Number of Judges

LLMs are inherently non-deterministic - the same prompt can produce slightly different scores across calls. For most properties, a single judge is accurate and cost-effective. For properties that drive important decisions, you can increase reliability by running multiple independent judges and aggregating their outputs.

Configuration options

You set the number of judges per property when creating or editing it. The setting is saved with the property definition and applies to every evaluation.

Option	How it works
1 (default)	A single LLM call. Identical to standard behavior.
3	Three independent calls, aggregated into a single result.
5	Five independent calls, aggregated into a single result.
3 + Orchestrator	Three independent judges, then a stronger model reviews all three outputs and produces a refined final decision. The most reliable option for complex or subjective properties.

Cost and latency: More judges mean more LLM calls. The 3 + Orchestrator option also uses a stronger model for the final synthesis step, which increases cost more than the others.
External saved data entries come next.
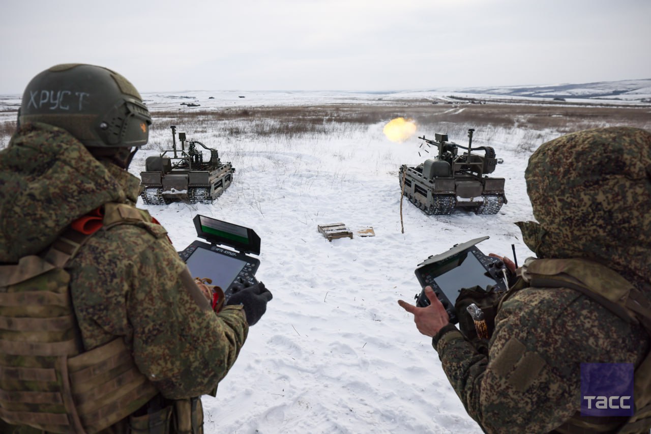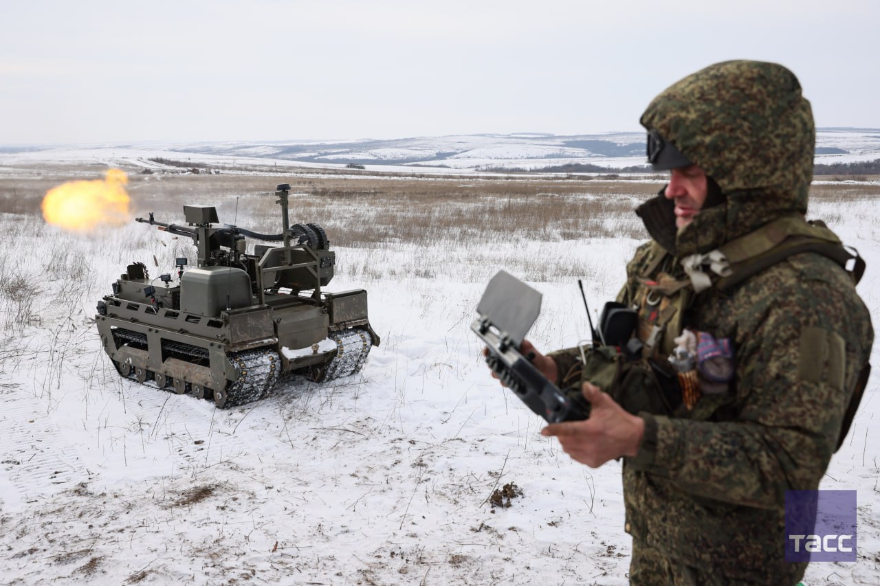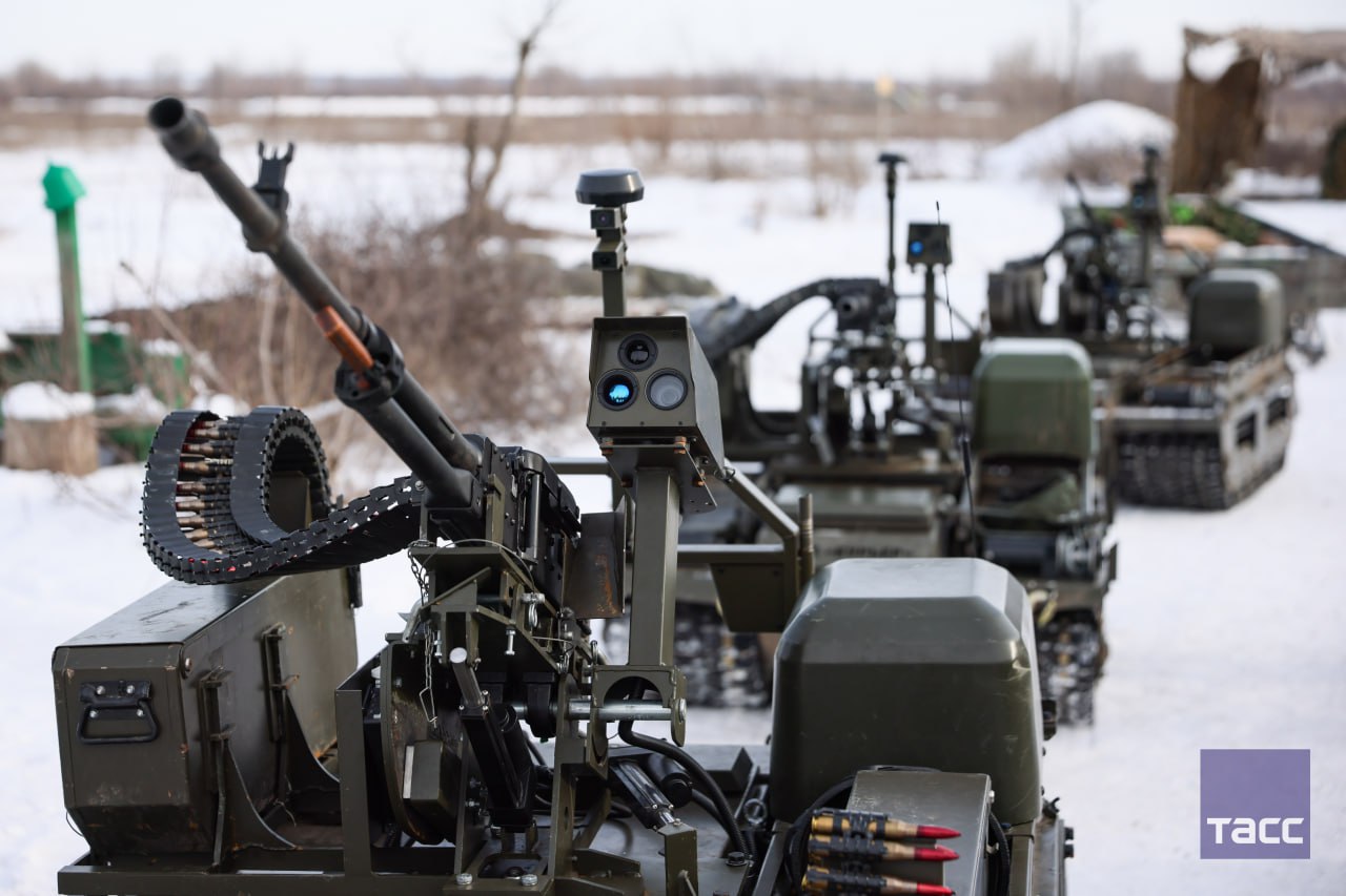 Галерея_ТАСС_Юг. Добровольческая разведывательно-штурмовая бригада "Невский" получила партию новейших роботехнических комплексов, в том числе ударные НРТК "Курьер" с пулеметными и гранатометными модулями, а также тяжелые...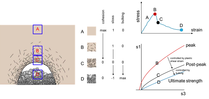 The rock mass response in terms of stress-strain behavior in IMASS is shown in Figure 5, which summarizes the scale used for softening/weakening of the rock mass between peak to post-peak and then between post-peak and ultimate strength envelopes.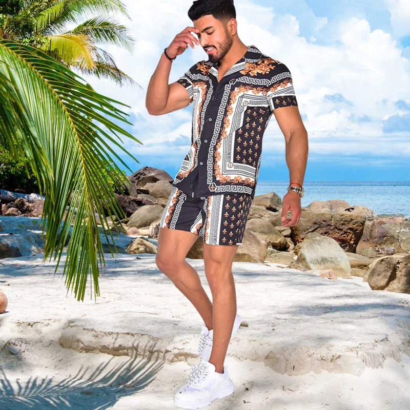 Мужской комплект из 2 предметов, Повседневная дышащая рубашка с коротким рукавом и гавайским принтом, пляжный костюм для отдыха, уличная одежда, лето S-3XL
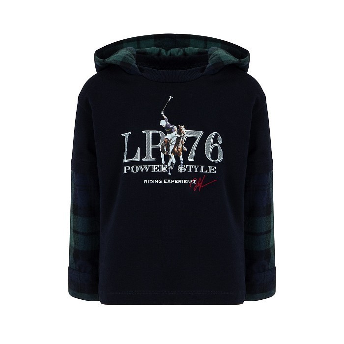 Джемпер для мальчиков Lapin House темно-синий с принтом лошади и ридеров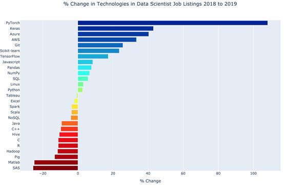 以下是上述第三项的图表,显示了每年的百分比变化。相比2018年列表的平均百分比,PyTorch增加了108.1%。
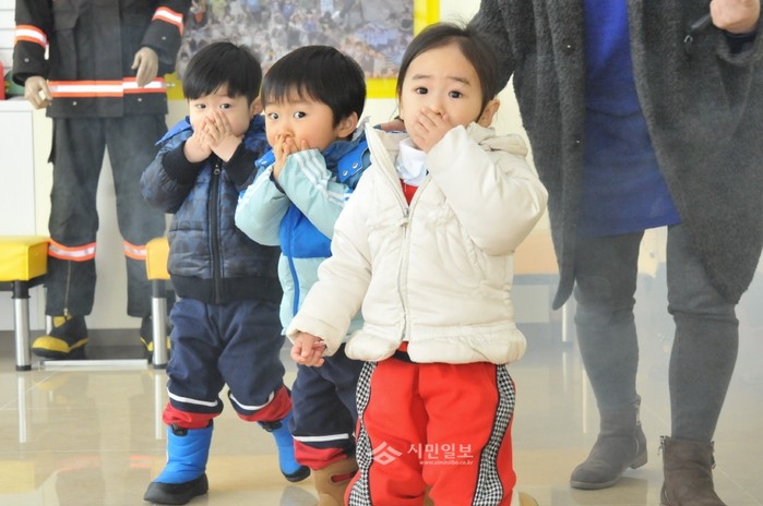 [시민일보]25일 서울 은평소방서가 시민안전체험교실에서 지역내 어린이집 원아들과 지도교사를 대상으로 인형극을 통한 안전사고 대처요령을 교육하고 가상 재난현장 대피훈련을 실시했다. 사진은 이날 가상 대피훈련을 통해 화재시 대처요령을 배우는 어린이들의 모습.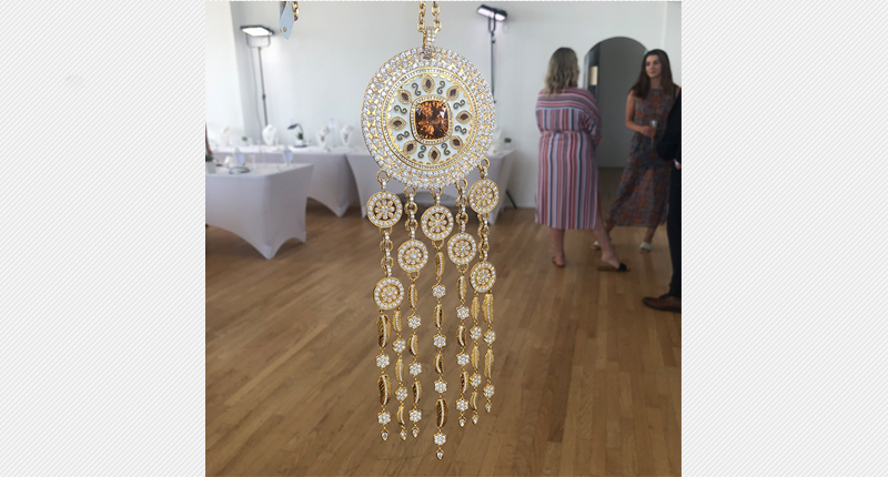 I am not a good sleeper. I need darkness and almost complete silence to fall asleep, and I will wake up at the sound of a pin dropping, all of which makes living in New York City an adventure. How nice then to find what might be my perfect solution at the AGTA Spectrum Awards! I love how much gold is involved in this, I love the zircon in the middle and I love how oversized it is. After all, who wouldn’t want to don such a lovely piece, especially if it meant a better night’s sleep?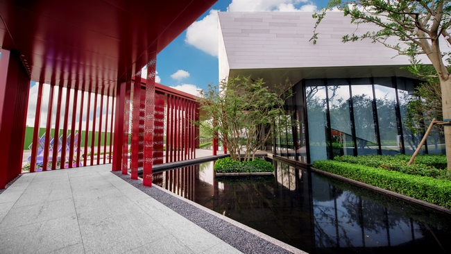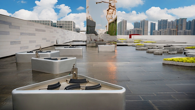 水院空间“天际水池”以水光一色的天赋胜境与湾界场景,呈现出顶奢的人居空间,艺术雕塑点缀于大尺度静水面之上,整个景观空间生动而幽静。为了打造出如此精致的景观,施工过程中,首批种植的18颗银杏,只保留6颗,剩余全部退场处理。这种果断的取舍,保证了银杏的整齐和标准。周边银杏等栽植围绕水,通过行植的手法,突出植株的气势和整齐之美,远望过去气势非凡。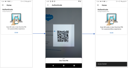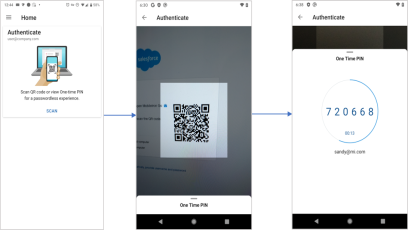 Figure 4. Scanning the QR code - workflow on Anddroid Authenticator Only device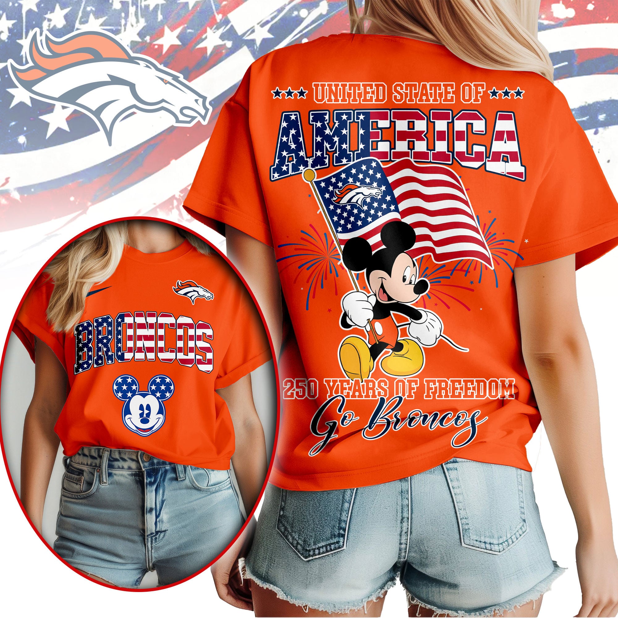 Denver Broncos | Premium NFL Freedom 250 3D Shirt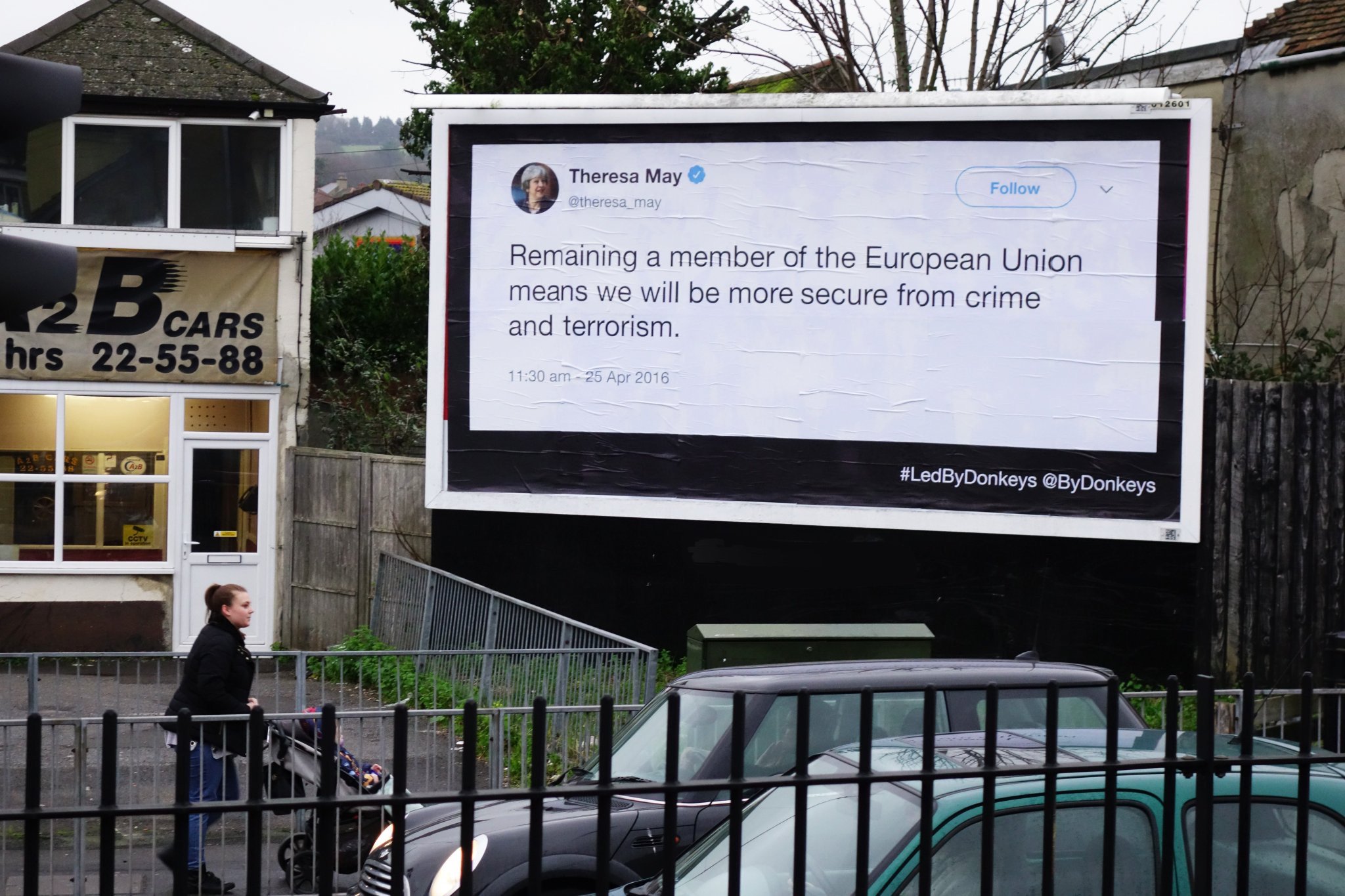 Kaoottista tilannetta kuvatakseen ja kommentoidakseen, neljä englantilaista heppua päätyivät suunnittelemaan neljä suuren ilmoitustaulun kokoista julistetta, jotka he kävivät liisteröimässä mainostauluihin omin luvin. Liisteröidyt julisteet olivat lainanneet sisältönsä brexitiä ajavien poliitikkojen päättömistä tviittauksista ja lausunnoista.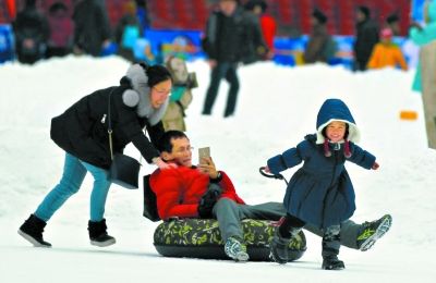 鳥巢主場(chǎng)北側(cè)的歡樂戲雪區(qū)是一片無拘無束的雪海:拉上雪圈繩就能孩子載著爸媽、爸媽載著孩子在雪圈廣場(chǎng)恣意撒歡兒。(記者左穎)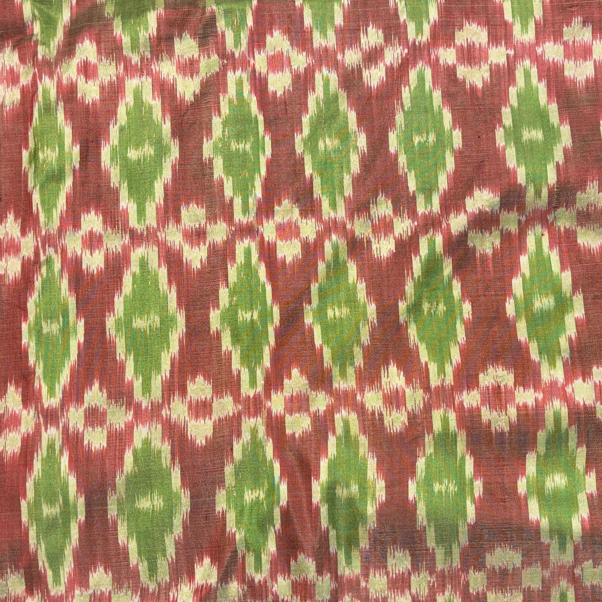Dark Pink and Green Mulberry Silk Pochampally Ikat Fabric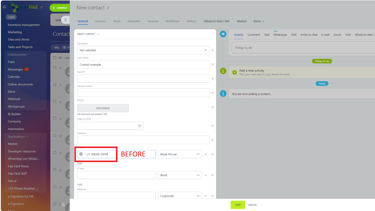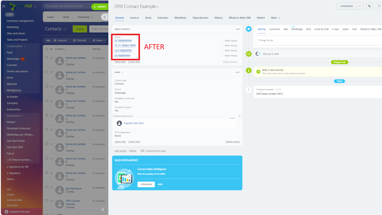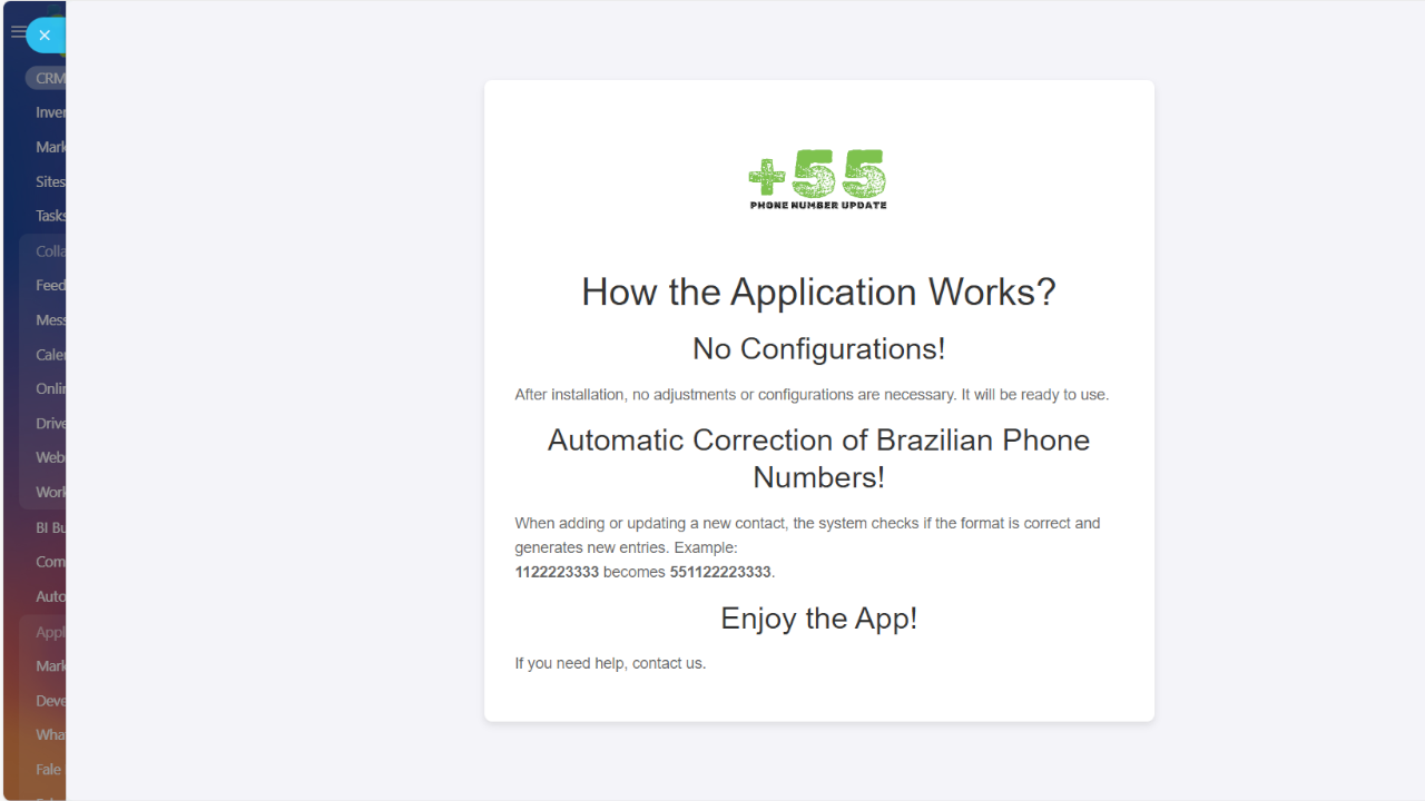 Corrects the telephone numbers in contacts created or updated in your CRM to the Brazilian standard with DDI 55.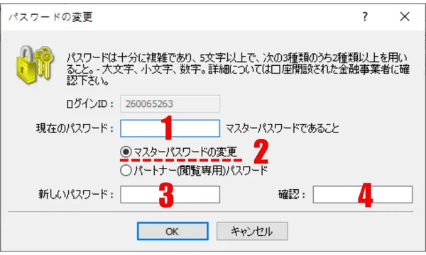 これが最も重要なステップです。ポップアップ表示される「パスワードの変更」ウィンドウで、以下の操作を順番に完了してください。- 現在のパスワード: 現在使用している古い「マスターパスワード」を入力します。
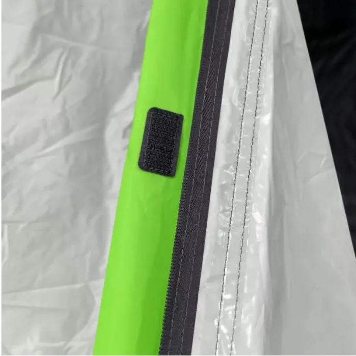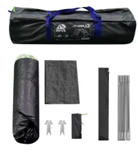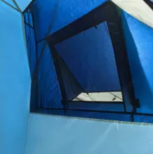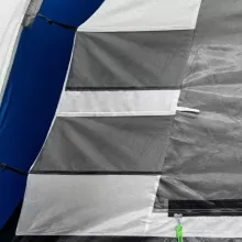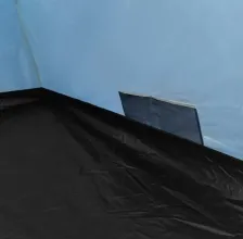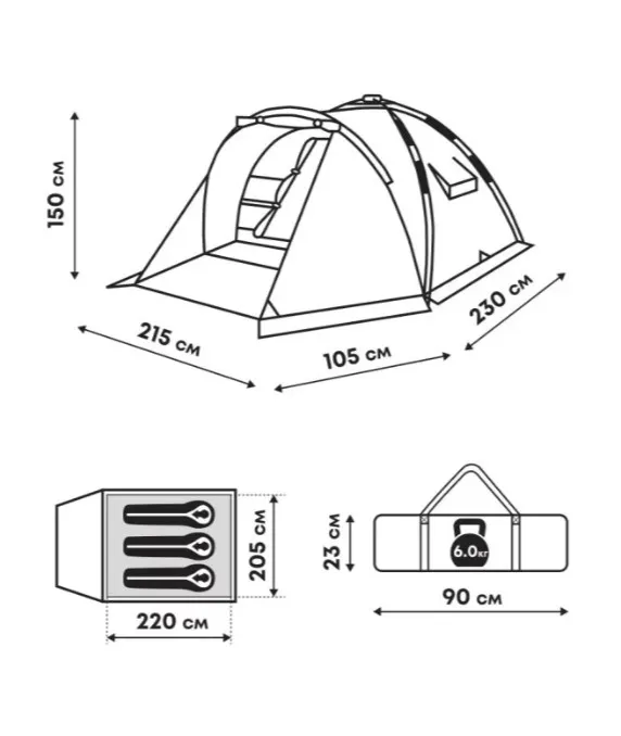 Размеры в разложенном виде — 335×215×150 см, спальное отделение 220×205 см, так что места для троих с запасом. Перед входом есть тамбур — обувь, рюкзаки или мокрую одежду можно оставить снаружи, не занося в спальник. В модели предусмотрены большие окна, юбка по периметру, тонкая москитная сетка, карманы и крючок для фонаря. Вентиляционные элементы помогают регулировать микроклимат в тёплую погоду или при сырости.

The # of Judges configuration on the Create Prompt Property screen — Number of Judges configuration

When to use multiple judges

Single judge - Good default. Fast and cost-efficient for most properties.

3 or 5 judges - Use when a property drives annotations, dashboards, or alerts and you need stable scores across similar interactions.

3 + Orchestrator - Use for properties that are highly subjective, have nuanced criteria, or where evaluation disagreements are common. The orchestrator model reviews conflicting outputs and produces a more considered result.